━━ Listed records ━━

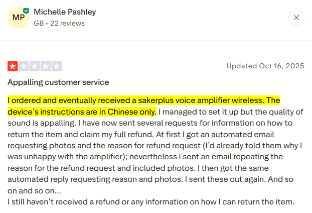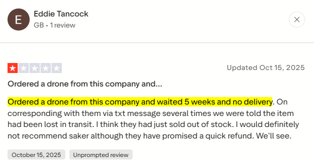 However, the UK‑focused sakerplus.co.uk presence is a significant red flag. Trustpilot’s AI summaries explicitly state that most reviewers there are unhappy overall, citing frequent issues with faulty products, missing parts, late deliveries, and unsatisfactory customer service. This level of consistent negativity makes Sakerplus a particularly risky choice for UK buyers or anyone whose order is routed through similar logistics chains.
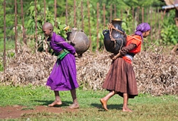 | エチオピアで水を汲んで家に帰る女の子たち。 |
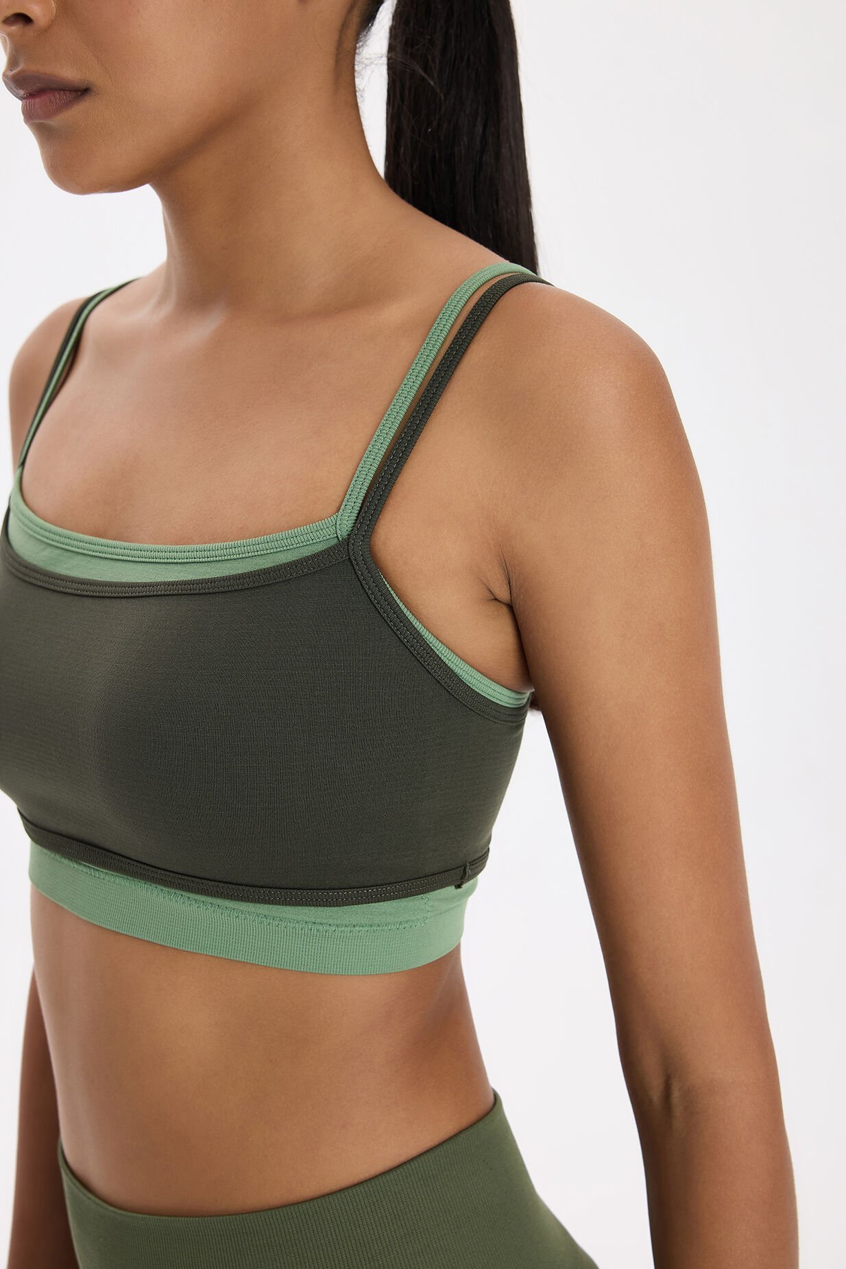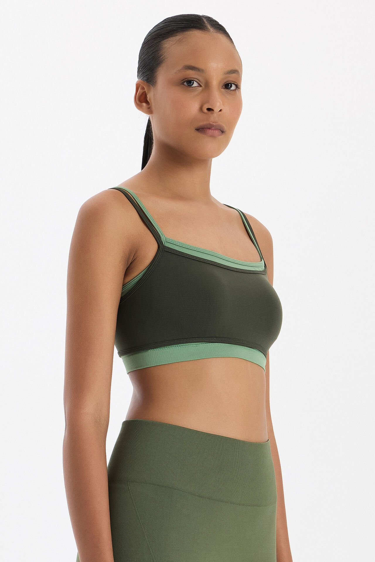 Üst Üste Geçmeli Pedli Spor Bra Koyu Yaprak Yeşili/Çağla
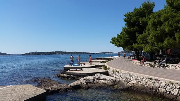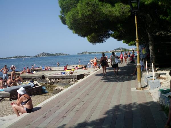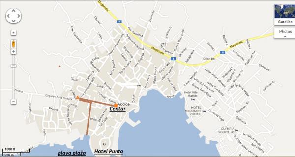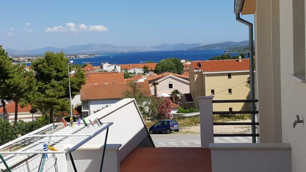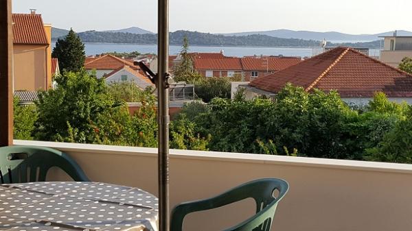 Kompletno opremljeni apartmani s terasom, pogledom na more i zasebnim ulazom. . Sastoje se od; dnevnog boravka sa rasklopnim kaučem (140/200 cm), kuhinje, sobe(krevet 160-200), kupatila i hodnika. Klimatizirani, perilica rublja (u odvojenom prostoru), električni roštilj, TV-Satelit i Wi-Fi internet. Parking osiguran, Trgovina prehrane u prizemlju kuće. Vrt ispred kuće. Apartmani se nalaze 300 m od Centra i 400 m od Plaže. Šljunčana Plava plaža nedaleko od hotela Punta a kojoj je dodjeljena plava zastava. Plaža u dužini jednog kilometra a staze su ravne kamene, betonirane, travnate ili prekrivene mozaik pločama. Tu se nalazi nekoliko tuševa i javni WC. Veliki dio plaže natkriva bor i tamaris, ima nekoliko caffe-bar usluga u prirodnoj hladovini. Vodice imaju bogatu turističku tradiciju i raznolikost ponude a u blizini su 2 nacionalna park
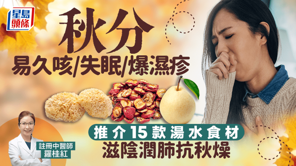 今天(9月23日)是秋分,是秋天的中间点。注册中医师罗桂红接受《星岛头条》访问指,秋分天气变得干燥,气温会逐渐降低,可能会引发咳嗽、失眠或湿疹等病。 罗医师讲解秋分气候特征及养生宜忌,并推介4款汤水及11款食材,有助滋阴润燥,在秋分时节好好养生。
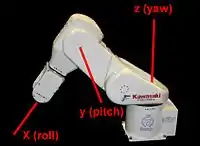 In some cases, for example robotics, it is more interesting to work with moving rotation axes (i.e. intrinsic rotations) instead of the fixed rotation axes (i.e. extrinsic rotations) discussed so far. Usually, the rotation relative to the base of the robot is referred to as “yaw”, the up-down rotation of the arm as “pitch”, and the next rotation as “roll”. Since the joints are rotated by each rotation, a description of rotations with moving rotation axes is required.
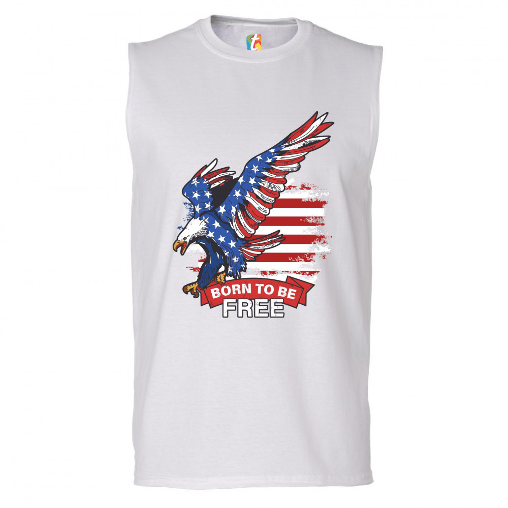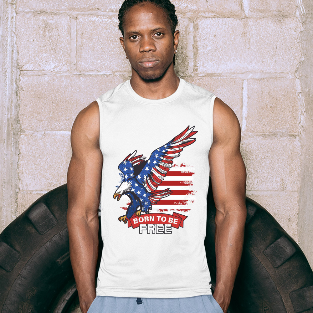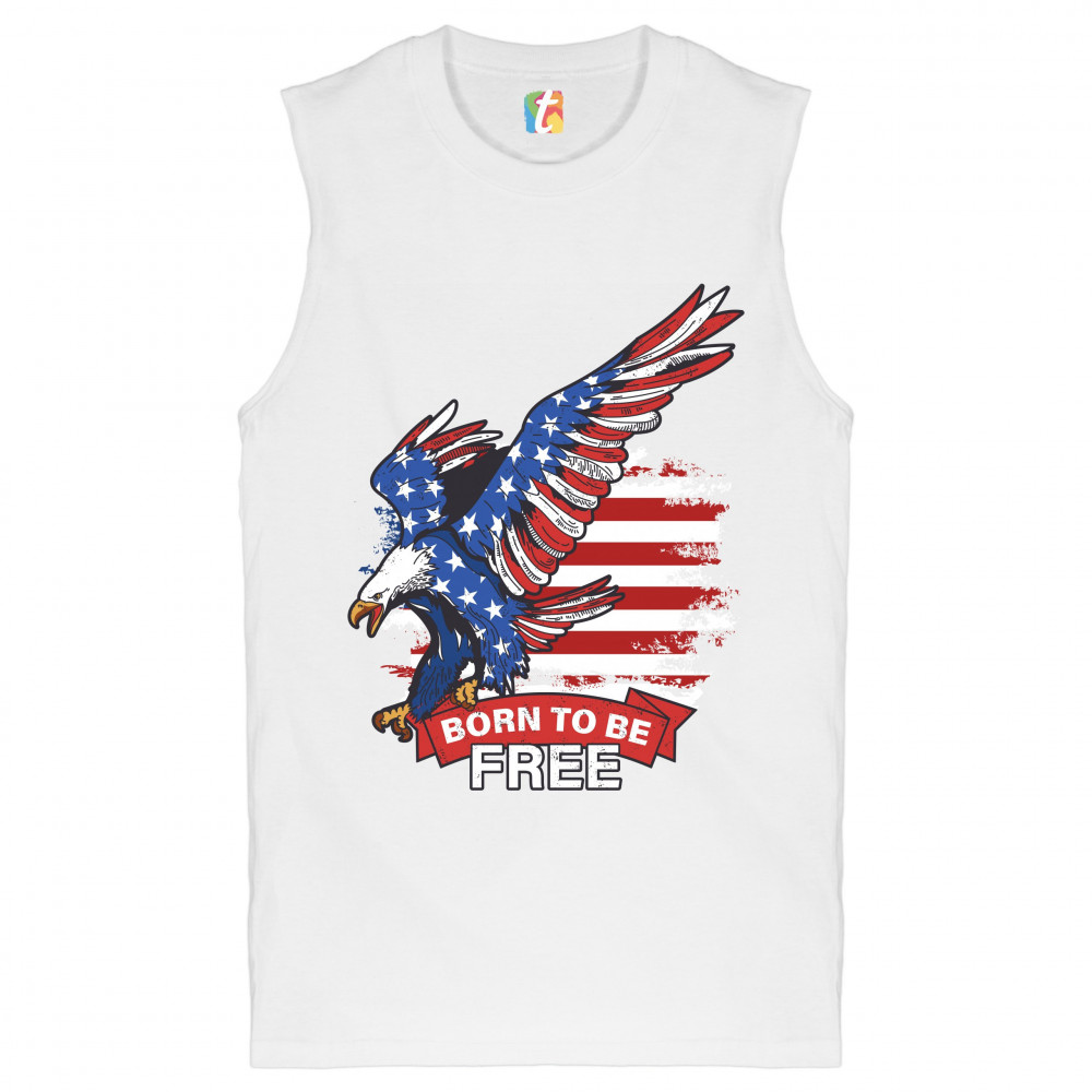 A patriotic print saying "Born to Be Free" and featuring a diving American Bald Eagle. In the background there is a distressed American Flag and the eagle is covered with Stars and Stripes. Great choice to wear on Independence Day or any other patriotic h
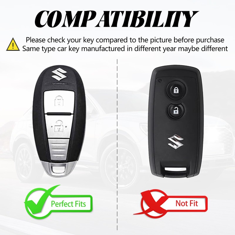 - Compatibility: Please note the 3rd Picture! If you have any questions, please send us a picture of your car key. Key case is compatible with Suzuki Vitara Grand Vitara II SX4 S-Cross Alivio Swift Baleno Jimny Ignis Kizashi Maruti Ciaz Ertiga Samurai Celerio Splash Alto Liana XL7.
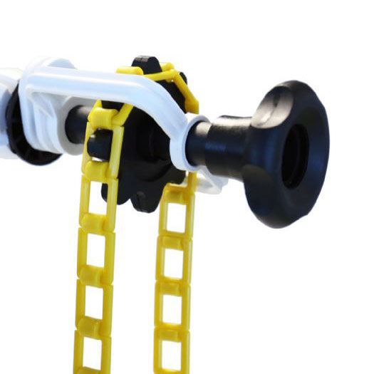 Er worden twee rolhouders geleverd. Bij de rolhouder zonder ketting vind je een draaiknop waarmee je kunt instellen hoe licht of zwaar het papier afrolt. Op de laatste foto zie je de draaiknop.
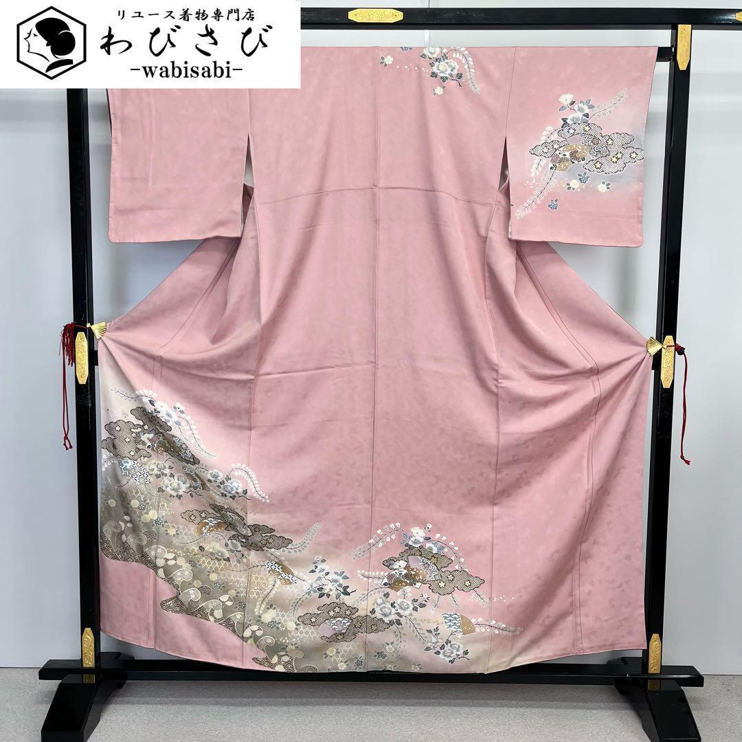 > 訪問着 波に雲模様 地紙 花柄模様 金彩 曙色 K-4070 着物 きもの kimono 和服 和装 中古 リサイクル着物 【送料無料】

━━━

Exercise goal> Word for word, restate the lines above from the first through the one that contains "今天(9月23日)是秋分,是", and exclude all pictures.

Solution to this task>
 However, the UK‑focused sakerplus.co.uk presence is a significant red flag. Trustpilot’s AI summaries explicitly state that most reviewers there are unhappy overall, citing frequent issues with faulty products, missing parts, late deliveries, and unsatisfactory customer service. This level of consistent negativity makes Sakerplus a particularly risky choice for UK buyers or anyone whose order is routed through similar logistics chains.
 | エチオピアで水を汲んで家に帰る女の子たち。 |
 Üst Üste Geçmeli Pedli Spor Bra Koyu Yaprak Yeşili/Çağla
 Kompletno opremljeni apartmani s terasom, pogledom na more i zasebnim ulazom. . Sastoje se od; dnevnog boravka sa rasklopnim kaučem (140/200 cm), kuhinje, sobe(krevet 160-200), kupatila i hodnika. Klimatizirani, perilica rublja (u odvojenom prostoru), električni roštilj, TV-Satelit i Wi-Fi internet. Parking osiguran, Trgovina prehrane u prizemlju kuće. Vrt ispred kuće. Apartmani se nalaze 300 m od Centra i 400 m od Plaže. Šljunčana Plava plaža nedaleko od hotela Punta a kojoj je dodjeljena plava zastava. Plaža u dužini jednog kilometra a staze su ravne kamene, betonirane, travnate ili prekrivene mozaik pločama. Tu se nalazi nekoliko tuševa i javni WC. Veliki dio plaže natkriva bor i tamaris, ima nekoliko caffe-bar usluga u prirodnoj hladovini. Vodice imaju bogatu turističku tradiciju i raznolikost ponude a u blizini su 2 nacionalna park
 今天(9月23日)是秋分,是秋天的中间点。注册中医师罗桂红接受《星岛头条》访问指,秋分天气变得干燥,气温会逐渐降低,可能会引发咳嗽、失眠或湿疹等病。 罗医师讲解秋分气候特征及养生宜忌,并推介4款汤水及11款食材,有助滋阴润燥,在秋分时节好好养生。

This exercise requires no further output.